Starting at the line containing "A través de" and ending at the line containing "Crafted for everyday", transcribe the listing below exactly. Keep both end lines, skip the pictures, and copy nothing else.

==== Entries provided

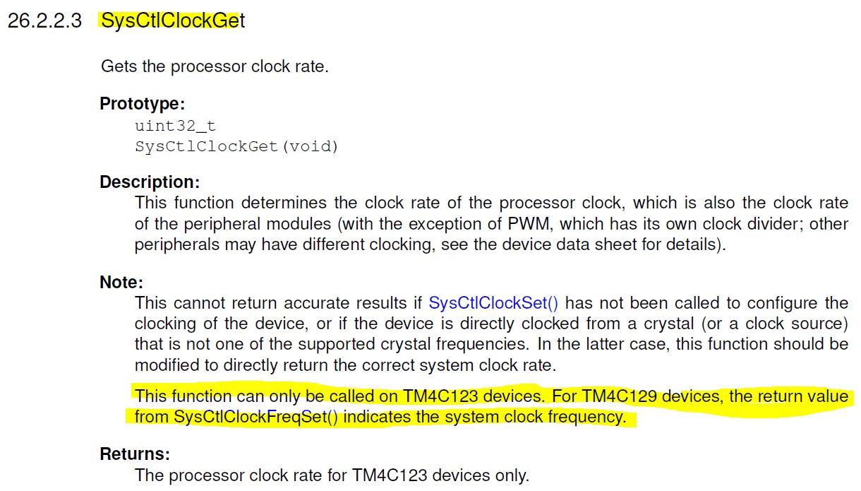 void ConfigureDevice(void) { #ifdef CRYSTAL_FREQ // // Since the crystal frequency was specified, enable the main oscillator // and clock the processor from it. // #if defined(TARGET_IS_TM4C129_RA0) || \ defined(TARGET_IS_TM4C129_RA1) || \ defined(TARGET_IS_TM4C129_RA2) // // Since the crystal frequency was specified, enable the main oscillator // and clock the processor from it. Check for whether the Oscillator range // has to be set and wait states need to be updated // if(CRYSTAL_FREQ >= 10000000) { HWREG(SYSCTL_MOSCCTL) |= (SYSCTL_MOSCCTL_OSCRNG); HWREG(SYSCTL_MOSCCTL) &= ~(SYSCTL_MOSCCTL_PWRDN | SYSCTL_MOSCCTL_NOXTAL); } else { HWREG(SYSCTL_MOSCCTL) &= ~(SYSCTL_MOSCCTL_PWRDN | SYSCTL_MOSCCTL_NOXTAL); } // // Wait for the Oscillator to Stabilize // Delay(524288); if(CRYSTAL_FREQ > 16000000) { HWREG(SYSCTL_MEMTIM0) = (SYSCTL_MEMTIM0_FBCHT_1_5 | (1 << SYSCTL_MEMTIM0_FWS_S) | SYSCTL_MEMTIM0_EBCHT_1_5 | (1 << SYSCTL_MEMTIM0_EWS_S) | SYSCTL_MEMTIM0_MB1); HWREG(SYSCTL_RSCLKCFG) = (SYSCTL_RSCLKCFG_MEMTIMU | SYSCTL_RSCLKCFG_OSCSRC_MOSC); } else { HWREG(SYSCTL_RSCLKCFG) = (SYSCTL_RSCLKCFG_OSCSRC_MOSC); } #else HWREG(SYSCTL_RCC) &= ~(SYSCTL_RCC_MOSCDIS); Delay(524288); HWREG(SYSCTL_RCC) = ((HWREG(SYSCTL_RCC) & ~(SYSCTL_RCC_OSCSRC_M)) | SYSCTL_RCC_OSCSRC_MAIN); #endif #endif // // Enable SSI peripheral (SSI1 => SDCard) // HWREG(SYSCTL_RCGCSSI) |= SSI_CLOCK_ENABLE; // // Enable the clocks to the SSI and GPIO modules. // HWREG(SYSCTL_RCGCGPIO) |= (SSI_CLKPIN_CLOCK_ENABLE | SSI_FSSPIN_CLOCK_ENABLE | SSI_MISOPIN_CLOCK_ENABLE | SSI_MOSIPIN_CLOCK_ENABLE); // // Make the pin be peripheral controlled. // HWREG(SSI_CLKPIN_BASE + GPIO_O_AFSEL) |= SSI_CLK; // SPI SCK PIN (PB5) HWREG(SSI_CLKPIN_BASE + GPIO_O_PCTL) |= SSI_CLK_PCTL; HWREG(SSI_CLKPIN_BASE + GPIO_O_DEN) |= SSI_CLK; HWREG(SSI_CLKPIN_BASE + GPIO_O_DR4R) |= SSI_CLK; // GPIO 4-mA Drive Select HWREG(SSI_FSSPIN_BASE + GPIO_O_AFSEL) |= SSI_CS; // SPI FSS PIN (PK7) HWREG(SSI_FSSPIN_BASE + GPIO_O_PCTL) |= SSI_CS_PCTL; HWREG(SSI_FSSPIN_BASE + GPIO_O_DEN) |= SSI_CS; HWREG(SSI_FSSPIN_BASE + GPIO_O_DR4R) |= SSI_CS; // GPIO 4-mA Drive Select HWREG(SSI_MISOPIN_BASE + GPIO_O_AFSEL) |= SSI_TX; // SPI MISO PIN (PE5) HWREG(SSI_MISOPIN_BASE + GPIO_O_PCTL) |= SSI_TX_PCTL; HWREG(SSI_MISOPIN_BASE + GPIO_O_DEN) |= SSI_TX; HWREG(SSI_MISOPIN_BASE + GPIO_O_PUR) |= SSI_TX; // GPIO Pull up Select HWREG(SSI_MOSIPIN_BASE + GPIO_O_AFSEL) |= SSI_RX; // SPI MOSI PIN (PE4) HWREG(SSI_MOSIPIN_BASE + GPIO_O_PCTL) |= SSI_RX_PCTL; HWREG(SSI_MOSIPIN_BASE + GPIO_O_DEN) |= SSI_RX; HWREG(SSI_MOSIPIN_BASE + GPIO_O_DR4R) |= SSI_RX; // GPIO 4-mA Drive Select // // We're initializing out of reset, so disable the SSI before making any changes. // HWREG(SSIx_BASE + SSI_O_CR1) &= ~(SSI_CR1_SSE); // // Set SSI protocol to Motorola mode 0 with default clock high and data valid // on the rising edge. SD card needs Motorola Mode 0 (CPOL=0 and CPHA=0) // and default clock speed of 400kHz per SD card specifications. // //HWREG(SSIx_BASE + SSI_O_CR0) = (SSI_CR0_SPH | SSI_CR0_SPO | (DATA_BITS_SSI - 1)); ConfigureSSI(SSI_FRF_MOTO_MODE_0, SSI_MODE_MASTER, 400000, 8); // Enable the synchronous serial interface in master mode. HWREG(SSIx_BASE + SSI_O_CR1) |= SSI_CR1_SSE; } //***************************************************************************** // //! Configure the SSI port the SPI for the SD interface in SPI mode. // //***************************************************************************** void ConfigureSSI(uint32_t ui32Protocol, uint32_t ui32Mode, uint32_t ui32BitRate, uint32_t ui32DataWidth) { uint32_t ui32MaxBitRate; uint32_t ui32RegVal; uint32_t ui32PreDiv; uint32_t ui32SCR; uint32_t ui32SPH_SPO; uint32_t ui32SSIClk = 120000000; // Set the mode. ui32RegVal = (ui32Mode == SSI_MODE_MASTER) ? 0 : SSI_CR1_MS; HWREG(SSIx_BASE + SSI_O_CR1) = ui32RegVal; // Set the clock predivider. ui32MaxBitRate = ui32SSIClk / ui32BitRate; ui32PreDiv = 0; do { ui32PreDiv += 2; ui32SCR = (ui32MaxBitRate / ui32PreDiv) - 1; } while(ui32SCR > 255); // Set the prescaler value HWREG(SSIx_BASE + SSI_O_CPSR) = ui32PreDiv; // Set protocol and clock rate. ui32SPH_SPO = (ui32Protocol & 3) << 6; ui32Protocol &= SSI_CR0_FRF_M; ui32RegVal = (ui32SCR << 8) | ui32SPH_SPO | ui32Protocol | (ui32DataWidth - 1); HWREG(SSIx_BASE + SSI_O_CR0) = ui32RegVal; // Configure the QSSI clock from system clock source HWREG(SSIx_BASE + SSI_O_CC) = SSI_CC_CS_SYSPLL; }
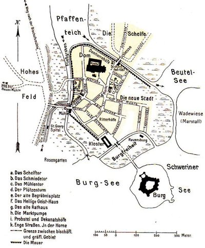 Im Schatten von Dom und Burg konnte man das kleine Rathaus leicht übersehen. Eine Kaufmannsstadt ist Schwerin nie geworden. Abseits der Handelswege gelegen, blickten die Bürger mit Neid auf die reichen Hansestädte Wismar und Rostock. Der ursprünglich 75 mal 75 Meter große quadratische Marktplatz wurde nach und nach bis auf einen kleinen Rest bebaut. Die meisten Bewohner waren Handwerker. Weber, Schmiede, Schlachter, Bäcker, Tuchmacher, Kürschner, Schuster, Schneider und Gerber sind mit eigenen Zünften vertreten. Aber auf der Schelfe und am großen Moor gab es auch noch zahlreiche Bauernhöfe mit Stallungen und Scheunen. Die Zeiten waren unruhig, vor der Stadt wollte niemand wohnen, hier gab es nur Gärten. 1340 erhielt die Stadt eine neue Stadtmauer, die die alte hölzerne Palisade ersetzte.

========
==== Entries provided

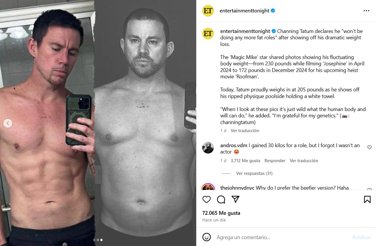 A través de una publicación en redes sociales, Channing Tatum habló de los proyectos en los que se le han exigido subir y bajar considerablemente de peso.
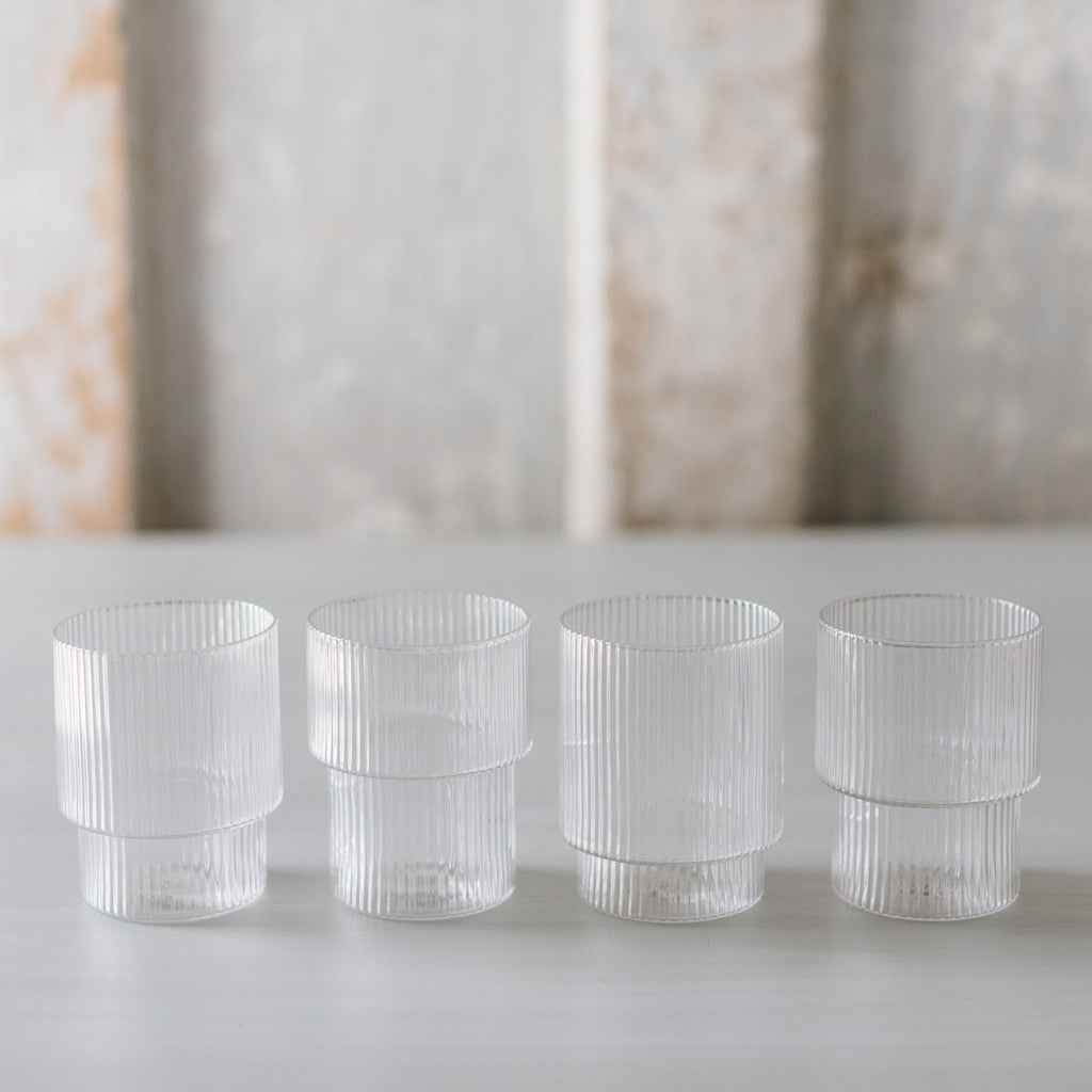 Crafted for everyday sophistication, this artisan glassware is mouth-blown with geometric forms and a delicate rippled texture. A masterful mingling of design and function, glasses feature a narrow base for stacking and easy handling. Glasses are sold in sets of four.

========

## Response to the exercise:
 A través de una publicación en redes sociales, Channing Tatum habló de los proyectos en los que se le han exigido subir y bajar considerablemente de peso.
 Crafted for everyday sophistication, this artisan glassware is mouth-blown with geometric forms and a delicate rippled texture. A masterful mingling of design and function, glasses feature a narrow base for stacking and easy handling. Glasses are sold in sets of four.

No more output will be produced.